British Study Analyzes Benefit of Femoral Vascular Closure Devices in 271,845 PCI Procedures

June 7, 2016—Findings from a propensity score-corrected analysis from the British Cardiovascular Intervention Society (BCIS) that evaluated the relationship between femoral vascular closure devices (VCDs) and short-term mortality were published online ahead of print by Vasim Farooq, MBChB, et al in Circulation: Cardiovascular Interventions. The study was conducted on behalf of the BCIS and the United Kingdom’s National Institute for Cardiovascular Outcomes Research.

The background of the study is that the impact of VCDs via the femoral arterial access site on short-term mortality in patients undergoing percutaneous coronary intervention (PCI) is currently unknown.

The investigators concluded that when compared with manual pressure, the use of VCDs was associated with a minor short-term (30-day) prognostic benefit after propensity score correction in the global population and clinically relevant subgroups. The potential for residual confounding factors impacting short-term mortality cannot be excluded, despite the study having measured and balanced all recorded confounding factors.

As summarized in Circulation: Cardiovascular Interventions, the investigators examined the association between femoral arterial vascular access site management (manual pressure [including external clamp] vs VCD) and 30-day mortality in a national real-world registry of 271,845 patients undergoing PCI for elective, ST-segment elevation myocardial infarction (STEMI) and non-STEMI indications in the United Kingdom between 2006 and 2011.

Crude and propensity score-corrected analyses were performed using Cox regression, with additional analyses undertaken in clinically relevant subgroups; 40.1% (n = 109,001) of patients were treated with manual pressure and 59.9% (n = 162,844) were treated with a VCD. Patients treated with a VCD had fewer comorbidities and were less likely to present with STEMI and cardiogenic shock (P < .001). 

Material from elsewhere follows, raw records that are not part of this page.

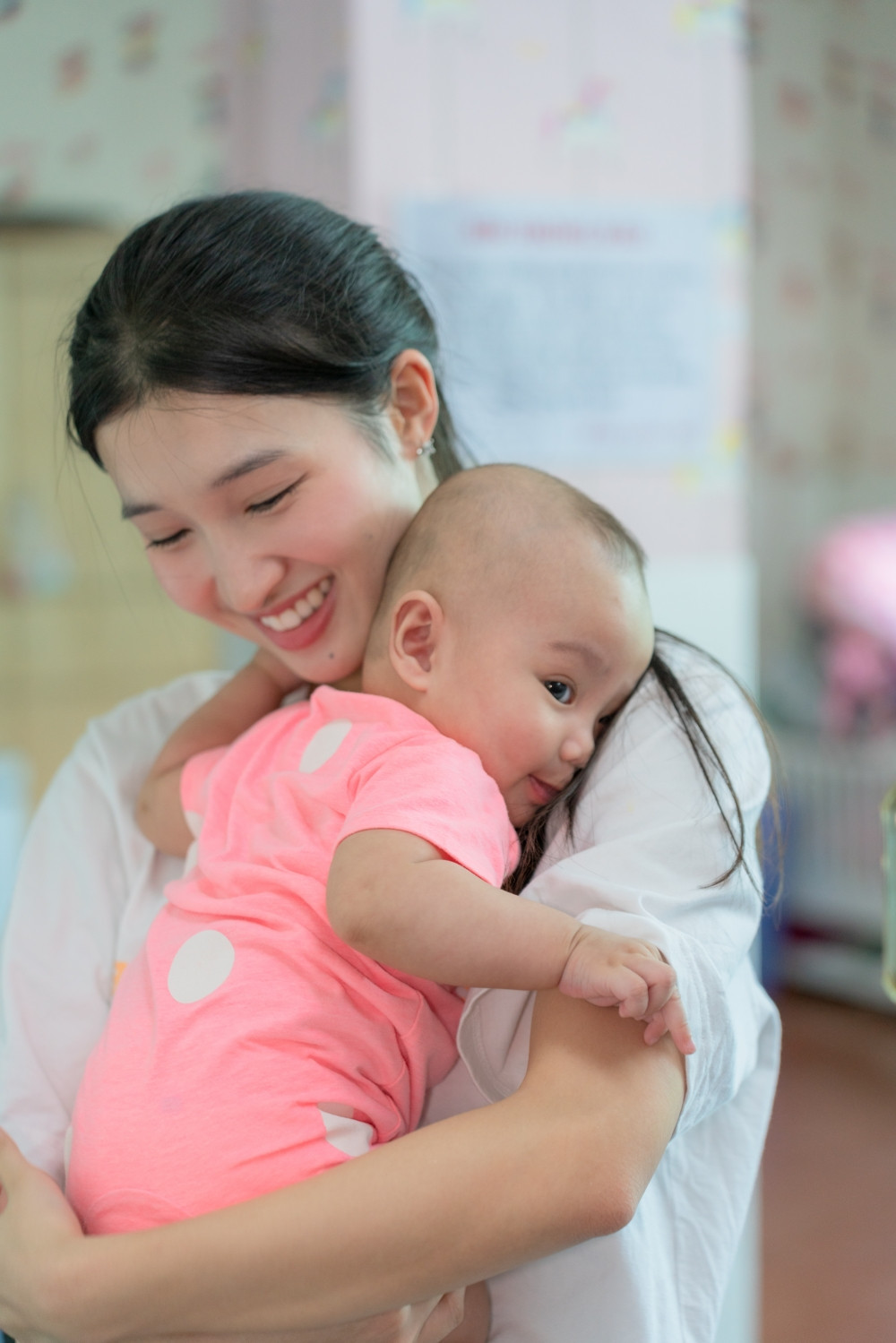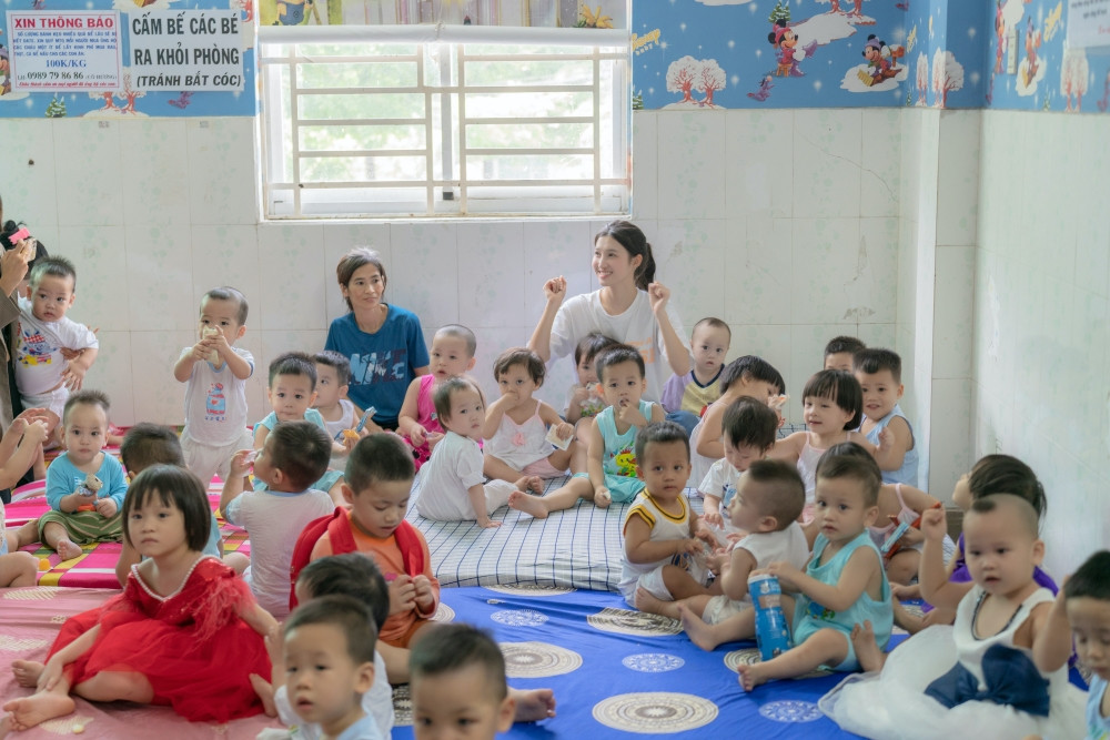 Lần này đến với Mái ấm Hoa Hồng, nàng hậu sinh vô cùng khéo léo và dịu dàng khi chơi cùng và chăm sóc các em. Phương Nhi được các em vây quanh, quấn quýt suốt buổi ghé thăm.
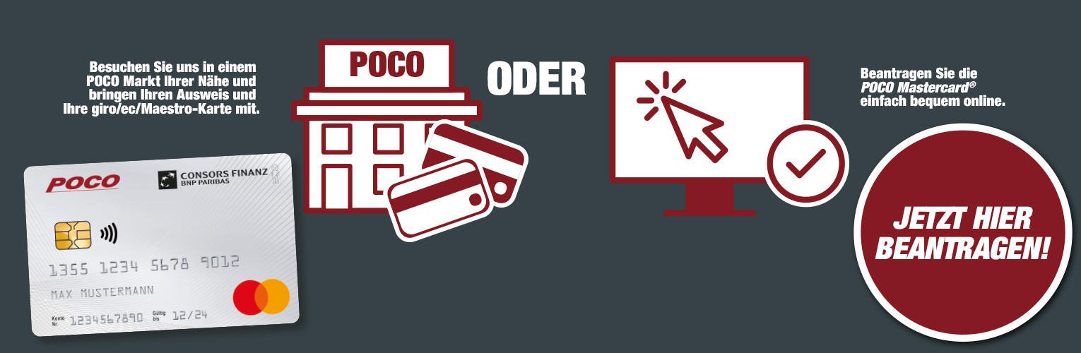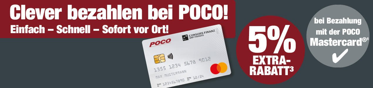 ³ 5% Extra-Rabatt für Folgekäufe und Barabhebungen in Ihrem POCO Markt. Insgesamt max. 100 € pro Kalenderjahr. Gutschrift erfolgt auf dem Konto des Kreditrahmens der POCO Mastercard®, Änderungen bleiben vorbehalten. Nur im stationären Handel.
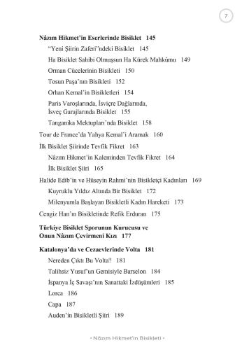 Ayrıca dayısı Mustafa Celalettin’in şampiyonluklarına, oğlu Mehmet Nâzım’ın bisiklet maceralarına, yeğeni Ayşe Yaltırım’ın şiire konu olmuş bisiklet merakına, Memet Fuat’ın ev yapımı bisiklet öykülerine tanık olacaksınız.

Crude 30-day mortality was lower in the group treated with a VCD compared with manual pressure (hazard ratio [HR], 0.58; 95% confidence interval [CI], 0.54–0.61; 1.4% vs 2.4%; log rank P < .0001), findings that were substantially reduced but persisted after propensity score correction (HR, 0.91; 95% CI, 0.86–0.97; 1.8% vs 2%; P < .001). 

A more pronounced association of VCDs with a reduction in 30-day mortality was evident in females (HR, 0.85; 95% CI, 0.77–0.94; Pinteraction = .037), presentation with acute coronary syndrome (HR, 0.88; 95% CI, 0.83–0.94; Pinteraction = .0027), or recent lysis (HR, 0.63; 95% CI, 0.40–1.01; Pinteraction = .0001), reported the investigators in Circulation: Cardiovascular Interventions.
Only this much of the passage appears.